Przepraszam, że cię nie rozumiałam.
Przejechała palcami po zbitych w strąki włosach Erwina i uśmiechnęła się do siebie. On też wydawał się zmorą — był nieprzytomny i zupełnie blady od utraty krwi, ale usta wciąż miał zaciśnięte, jakby mimo wszystko próbował walczyć.
Nina siedziała przy nim już drugą dobę — w nocy przespała się na podłodze, w rogu sali, oparta plecami o twardą, drewnianą szafkę. Zbudziła ją dopiero nienachalna obecność Rochana Rottenberga, który przyniósł ciepły posiłek i dzbanek gorzkiego, ziołowego naparu; odstawił naczynia na parapecie delikatnie, prawie bezszelestnie. Była wdzięczna, że nie pytał ją o żadne szczegóły ani nie próbował inwigilować spojrzeniami pełnymi ciekawości i dezaprobaty. Było wprost przeciwnie – przez chwilę miała wrażenie, że zobaczyła w ciemnych tęczówkach Rottenberga przebłysk współczucia.
A nawet jak wszyscy się domyślą, to co z tego? Chyba nie oczekują, że zacznę się tutaj modlić?
Była wdzięczna także za to, że nie wezwał ją na blok operacyjny, choć wnioskując po chaotycznych działaniach Hanji Zoe, z całą pewnością potrzebował wsparcia. Amputacja musiała być wyczerpująca — po prawej ręce generała pozostał ciasno obandażowany kikut, przycięty piłą pierwszego chirurga korpusu jak niesforny krzew. Cokolwiek odgryzło Erwinowi ramię, musiało złapać powyżej łokcia — choć nie zauważyła śladu zębów, to z kości ramiennej również nie było co zbierać; została prawie wyłącznie głowa* siłowo osadzona w wyrostku barkowym.

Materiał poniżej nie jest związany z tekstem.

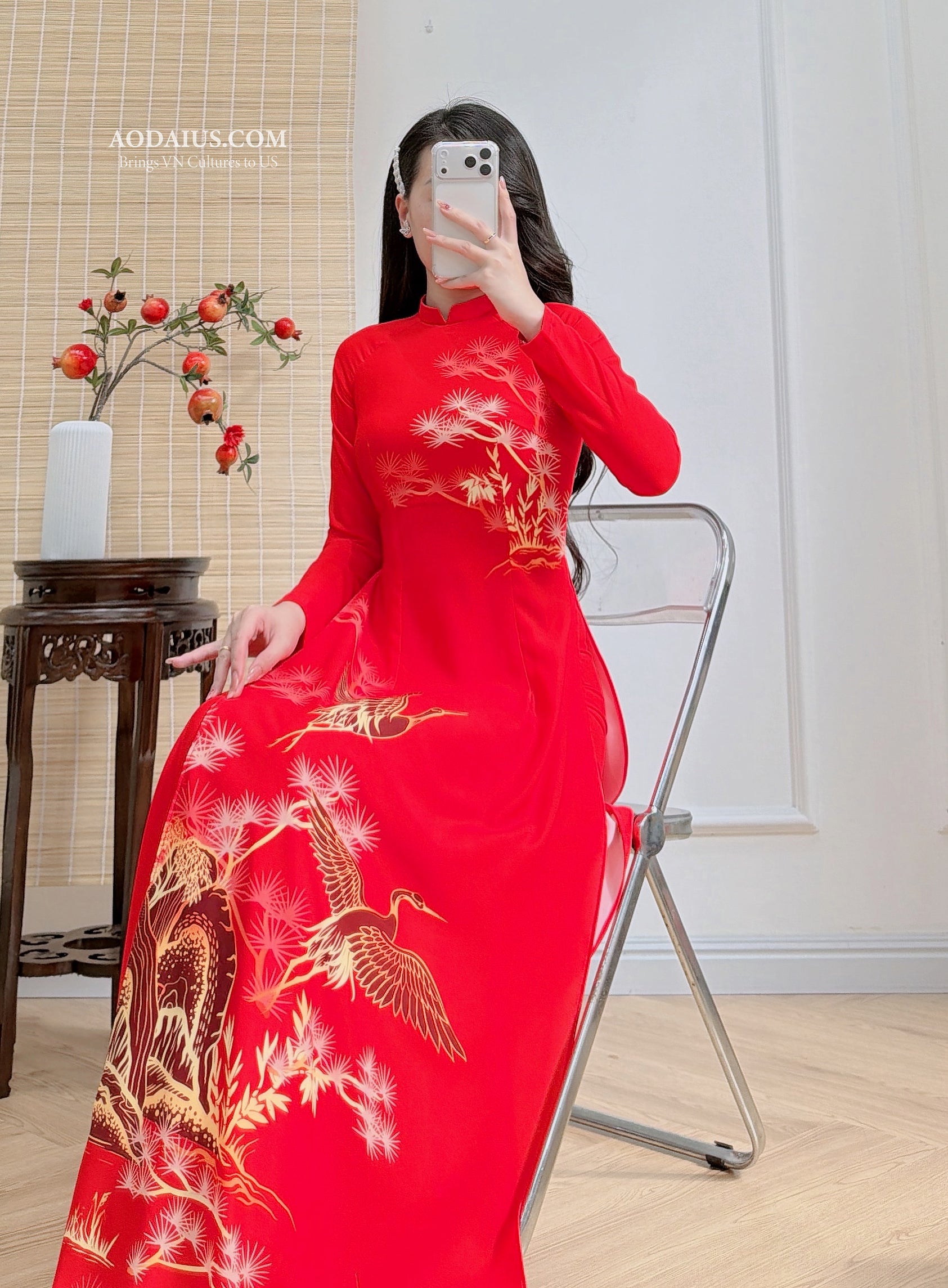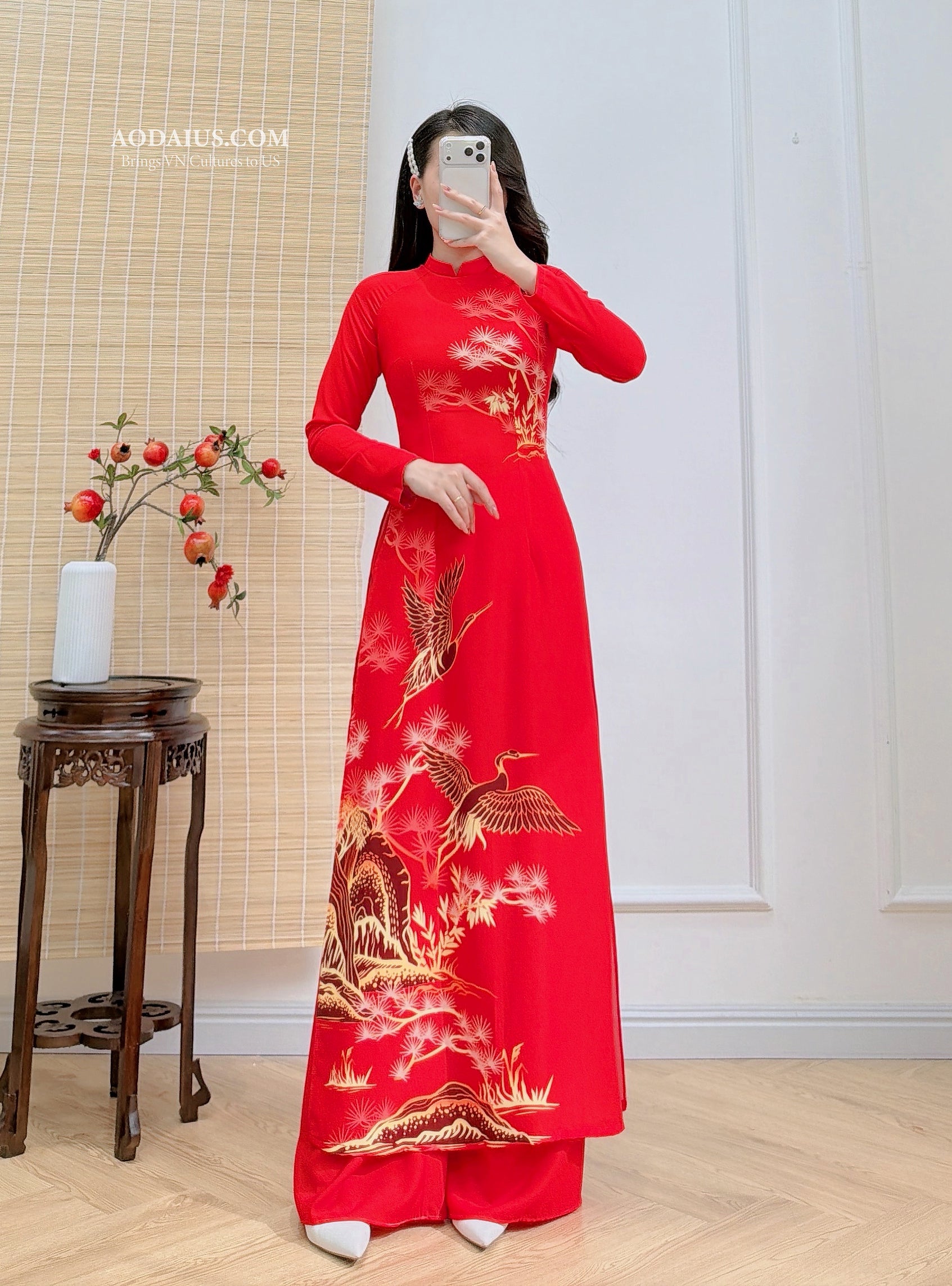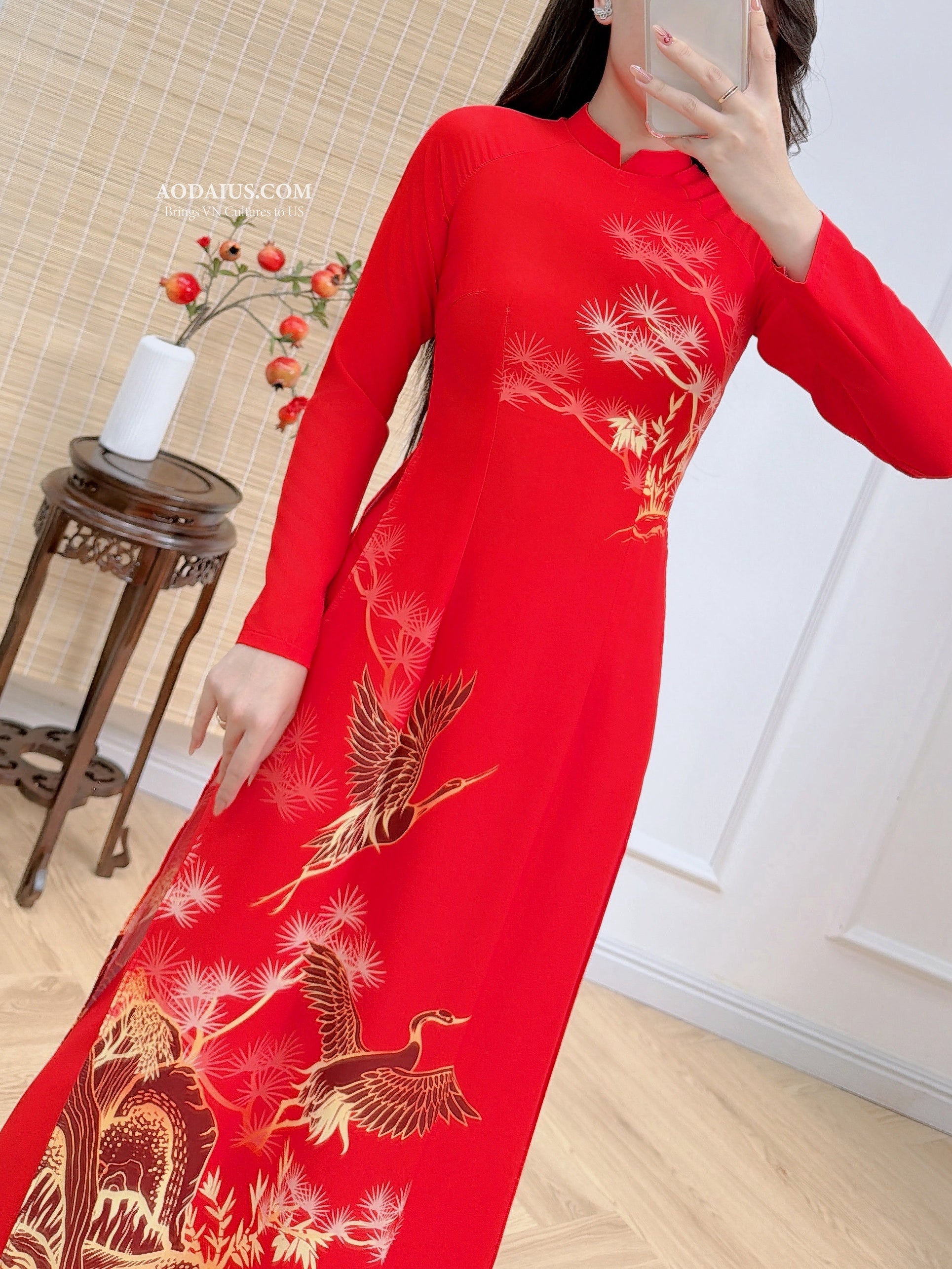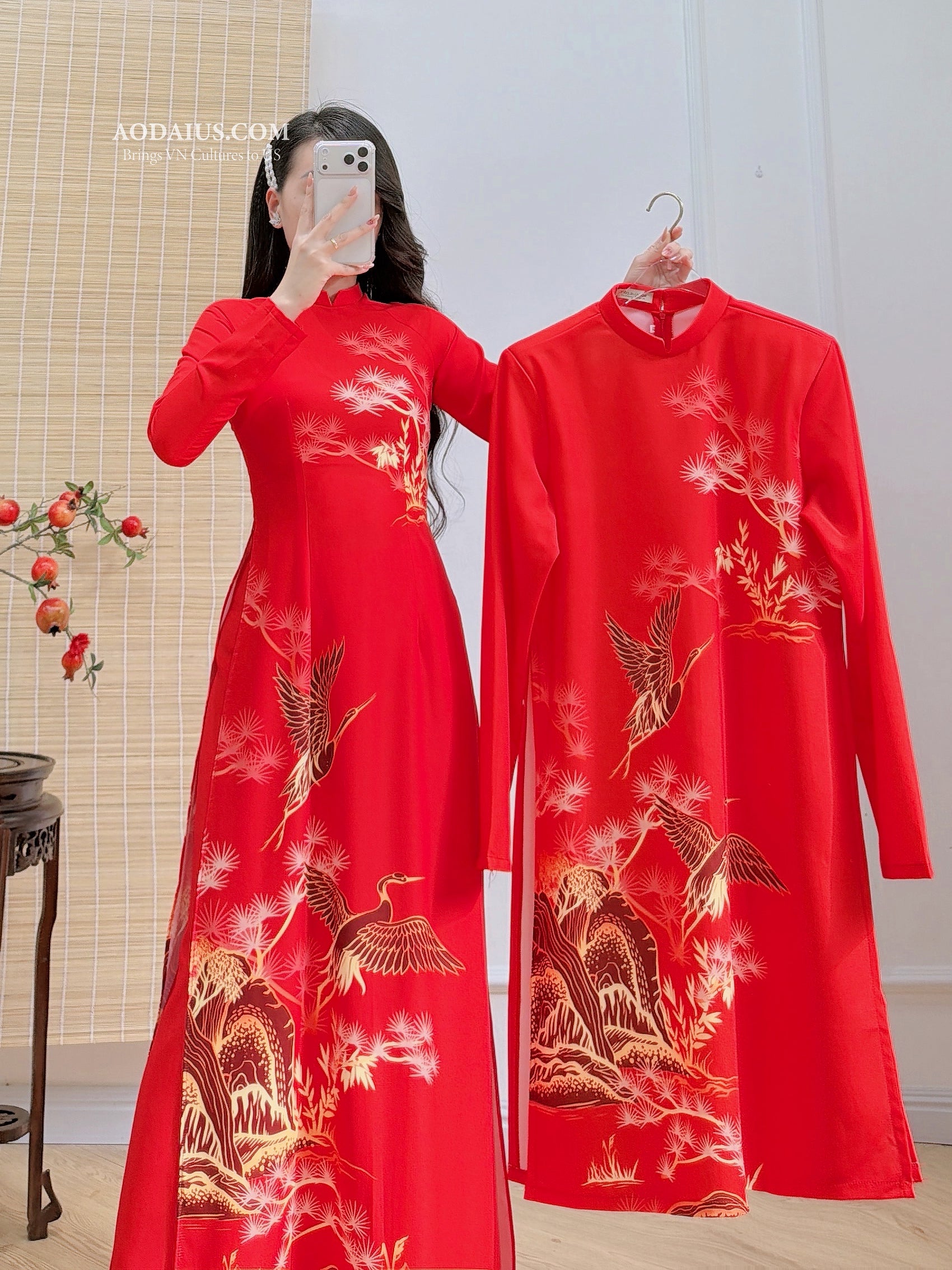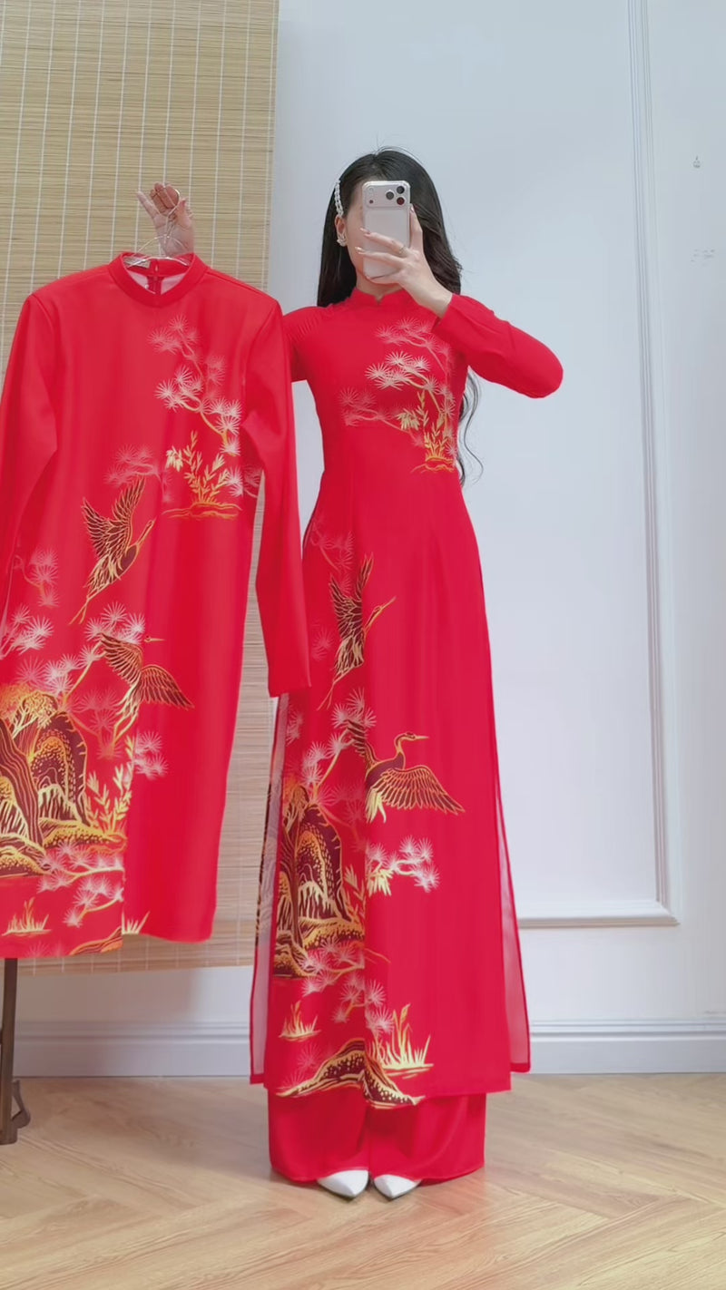 Celebrate Tết in a timeless red matching Áo Dài set featuring an elegant crane–mountain (Hạc Tùng Sơn Thủy) print. The bright red symbolizes luck and joy, while cranes and trees represent longevity, prosperity, and good fortune-perfect for Lunar New Year photos, weddings, and family gatherings.

Nina rozpoznała ślady warsztatu Weroniki w drobnych, równomiernie oddalonych od siebie szwach krzyżykowych na torsie Erwina. Wstyd palił ją w klatce piersiowej za każdym razem, gdy na nie patrzyła. Kadm ratowała generała Zwiadowców, podczas gdy ona sama przeżywała załamanie nerwowe, próbując reanimować zwłoki na osłonecznionym placu Centrali. Wiedziona poprzednim sukcesem była absolutnie przekonana, że uda jej się jakkolwiek pomóc — skończyła wpychając siłowo nadgnite, zwisające wnętrzności z powrotem do otrzewnej kompulsywnymi, nienaturalnymi ruchami. Od wozów odciągnęła ją w końcu dziwna dziewczyna, którą przydzielono Ninie do asysty. Nie odezwała się ani słowem — po prostu patrzyła na nią skośnymi, wąskimi oczami, które okalał niespotykany (chorobowy?) wałeczek tłuszczu imitujący dodatkową powiekę.**
Spojrzała na zakrzywiony nos Erwina i przejechała po nim palcem z czułością; miała wrażenie, że garbek stał się twardszy i wyraźniejszy. Nie miała żadnych wątpliwości, że generał przeżyje — w nocy wymamrotał parę niezwiązanych z niczym słów, wśród których zaplątało się żeńskie imię Marie.*** W innych okolicznościach Nina nie zniosłaby takiego upokorzenia, ale w przypadku Smitha nie obchodziło jej nawet, kim była ta dziewczyna i jaką rolę w jego życiu odgrywała.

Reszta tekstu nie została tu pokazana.